Convention to Become Binding International Law on August 1

NEW YORK - Burkina Faso and Moldova ratified the convention banning cluster
munitions on February 16, 2010, the final two ratifications needed for
it to become binding international law. The convention will now enter
into force on August 1, 2010.

The Convention on Cluster Munitions was opened for signature in
December 2008, and it has taken only 15 months to attain the 30
ratifications necessary for it to become binding international law.

"The short time it took to reach this milestone shows that
governments have a strong desire never to see these terrible weapons
used again," said Steve Goose, arms division director at Human Rights
Watch and co-chair of the international Cluster Munition Coalition.
"But every signatory needs to ratify, and those who haven't signed need
to come on board to keep more civilian lives and limbs from being
needlessly lost."
The 2008 Convention on Cluster Munitions comprehensively
prohibits the use, production, and transfer of cluster munitions,
provides strict deadlines for clearing affected areas and destroying
stockpiled cluster munitions, and requires assistance to victims of the

Burkina Faso and Moldova deposited their instruments of
ratification with the United Nations in New York today, respectively
becoming the 29th and 30th signatories to ratify, and triggering the
August 1 date for entry into force.

The 30 states to ratify the Convention on Cluster Munitions include
leaders of the "Oslo Process" diplomatic initiative, which created the
Convention (Norway, Austria, Holy See, Ireland, Mexico, and New
Zealand), countries where cluster munitions have been used (Albania,
Croatia, Lao PDR, Sierra Leone, and Zambia), stockpilers of cluster
munitions (Belgium, Denmark, France, Germany, Japan, Moldova,
Montenegro, and Slovenia), as well as Spain, the first signatory
country to complete destruction of its stockpile.

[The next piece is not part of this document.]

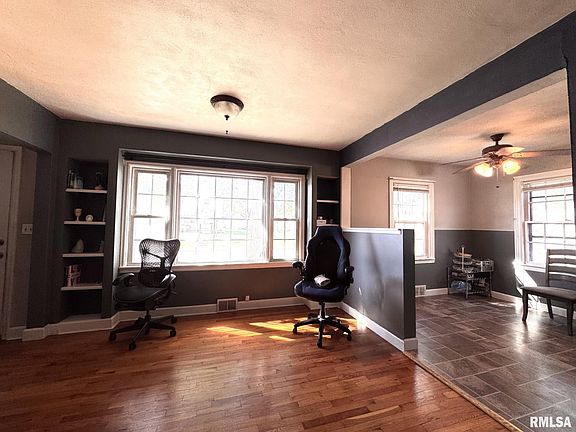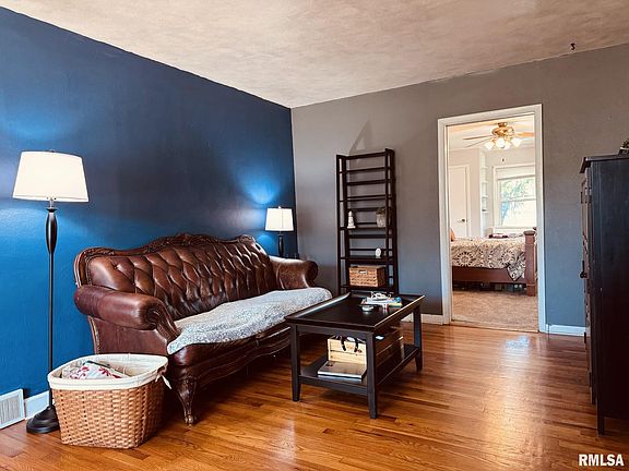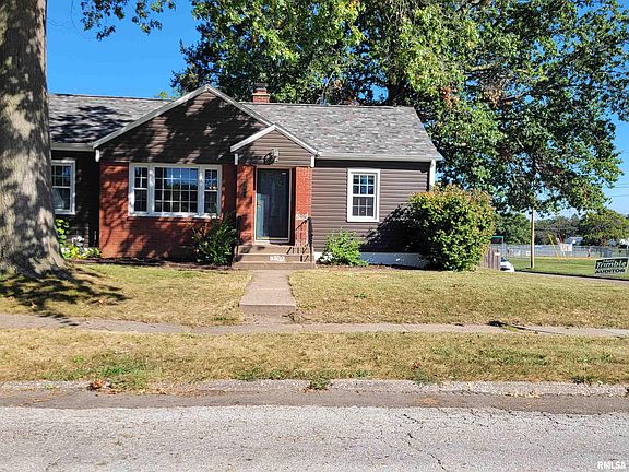 This charming 3-bedroom, 1 1/2-bath Ranch home is nestled in a peaceful residential neighborhood. Offering a classic Midwestern aesthetic, it sits on a desirable corner lot with a spacious yard. The exterior combines brick and siding with a large front yard and a driveway leading to a detached 2-car garage. Inside, you'll find a cozy atmosphere with vintage charm, featuring hardwood floors in the living room, built-in bookcases, an eat-in kitchen, dual closets in the primary bedroom, and a finished basement with a wet bar, game room, and family room. The tree-lined neighborhood is quiet and conveniently located near schools, parks, and shopping, making it perfect for anyone seeking tranquility while still being close to city amenities. This home also boasts several recent updates, including a new roof, gutters, and siding (2020), a new furnace and air conditioner (2021), a new stove and microwave (2021), a garage door (2022), and a water heater, washer, and exterior back door (2023). Additionally, pest and rodent proofing was completed in 2023. Priced below RVM, don't miss your chance to see this lovely home today!

Other ratifying
states are: Burkina Faso, Burundi, Luxembourg, Macedonia FYR, Malawi,
Malta, Nicaragua, Niger, San Marino, and Uruguay.

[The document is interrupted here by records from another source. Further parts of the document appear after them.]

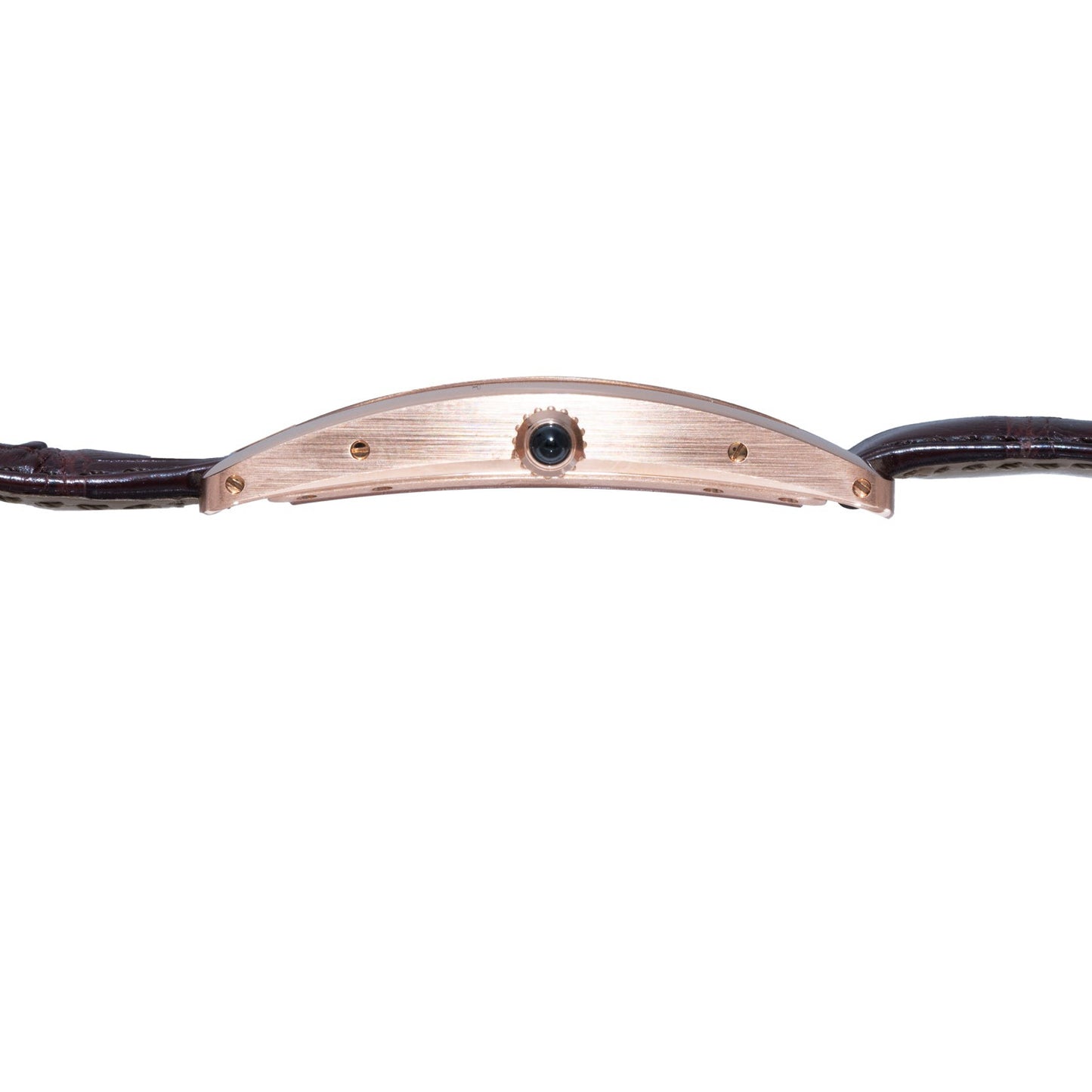 This particular Cintrée ref. 3974, a limited edition of 100 pieces from 2017, features a 23mm 18K rose gold curved case with a curved crystal to match, a sapphire cabochon crown, and Cartier's signature blued steel handset.
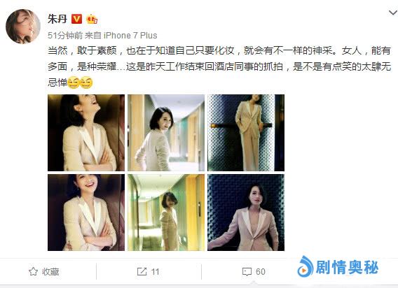 当天晚上,朱丹分享了在酒店拍摄的照片,她说:当然,敢于素颜,也在于知道自己只要化妆,就会有不一样的神采。女人能有多面,是种荣耀……这是昨天工作结束回酒店同事的抓拍,是不是有点笑的太肆无忌惮。
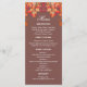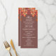 Celebrate the beauty of autumn with this personalised Fall in Love Wedding menu card, perfect for your rustic, country-inspired wedding. Designed with an elegant botanical touch, it features a stunning arrangement of warm orange, brown, and golden yellow leaves, gracefully intertwined with luscious ruby red berries. Set against a warm mocha background, the modern typography and delicate calligraphy script font add a sophisticated yet cosy feel to your autumn wedding. This menu card captures the essence of a dreamy, autumn wedding with a seamless blend of rustic charm and elegant design, making it the perfect addition to your special day.
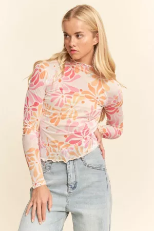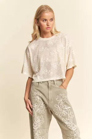 RUFFLE LACE SHORT SLEEVE MESH TOP
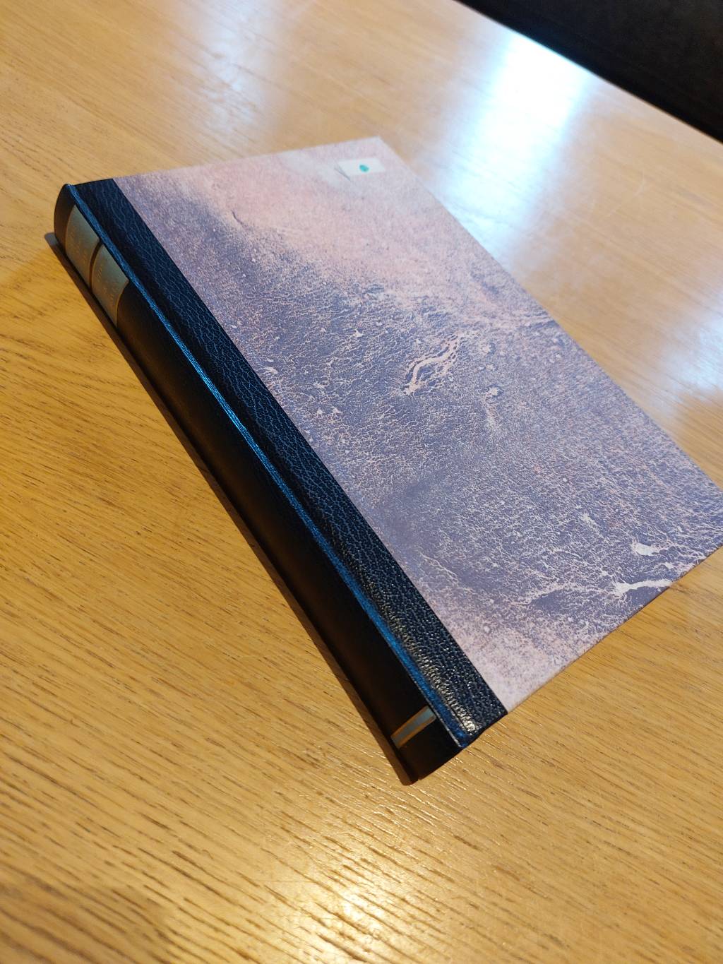Bogen har en solid ryg med sort lædertekstur og gyldne bogstaver, som giver et eksklusivt look. Indbindingen er holdbar og perfekt til et hjem, hvor bøger både læses og udstilles som et dekorativt element.
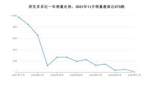 2022年11月,朋克多多销量为11辆,同比下降98.87%,环比下降79.25%。2021年11月-2022年11月份,朋克多多销量为3905辆,同比增长115.75%。
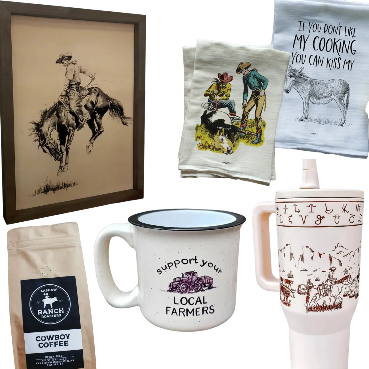 We keep a small selection of clothing, gifts, and home goods that fit everyday ranch life.
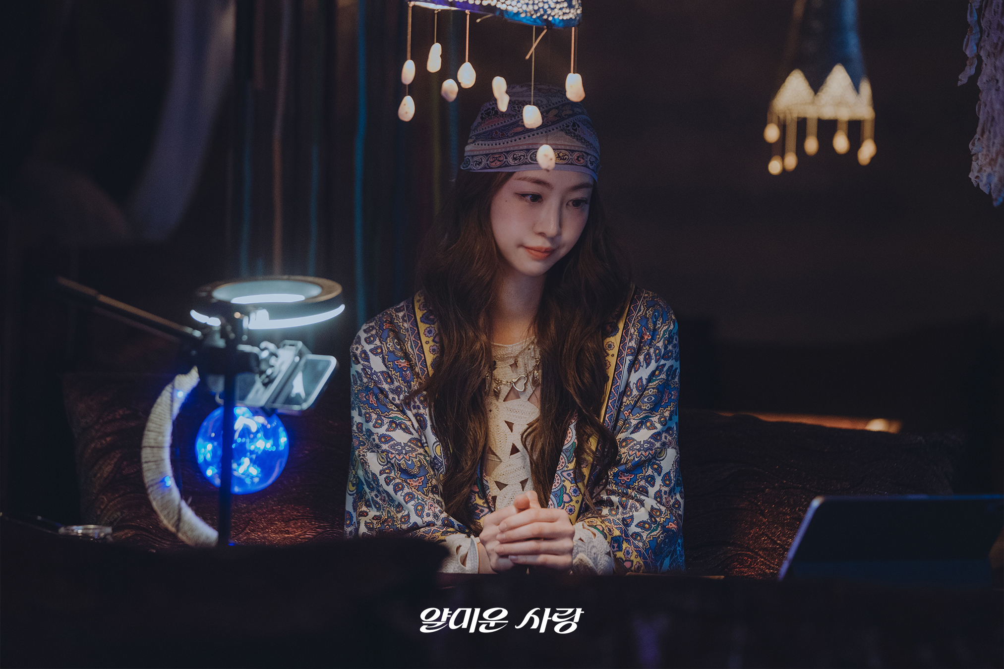 The stills below show Lim Hyeon Jun having an online meeting with a tarot reader (played by Dasom), sparking further intrigue. Feeling frustrated by a situation where nothing seems to go right, Hyun Jun decides to entrust his fate to a tarot reading, sparking curiosity about what message the cards will reveal to him.
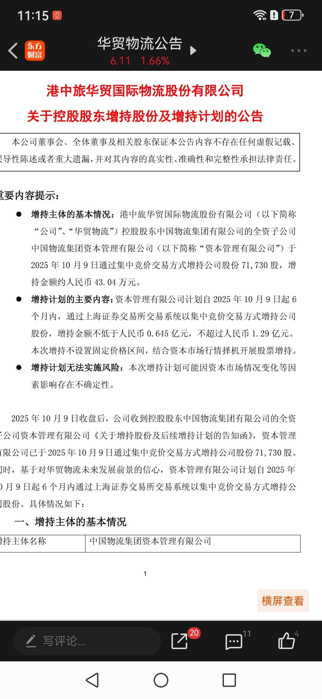 $中储股份(SH600787)$ 华贸都开始增持了,性价比更高的中储股份中国物流集团几时也增持啊?

"In light of this new international law, it is especially
important for former users of the weapon - such as the United States,
Russia, and Israel - to re-examine their positions, which put
questionable claims of military necessity above the well-documented
humanitarian damage cluster munitions cause," Goose said. "Over half of
the world's states have agreed to give up cluster munitions. This is no
longer an acceptable weapon."
A total of 104 states have signed the convention, including most
NATO members and other close US allies. The Bush administration chose
not to participate in developing or negotiating the convention, which
was modeled on the 1997 treaty banning antipersonnel landmines. The
Obama administration has not yet made its views on the convention
known, but President Obama signed a law on March 11, 2009, banning the
export of all but a very tiny fraction of the cluster munitions in the
US arsenal.
Cluster munitions have been banned because of their widespread
indiscriminate effect at the time of use and the long-lasting danger
they pose to civilians. Cluster munitions can be fired by artillery and
rocket systems or dropped by aircraft, and typically explode in the air
and send dozens, even hundreds, of tiny bomblets over an area the size
of a football field. Cluster submunitions often fail to explode on
initial impact, leaving duds that act like landmines.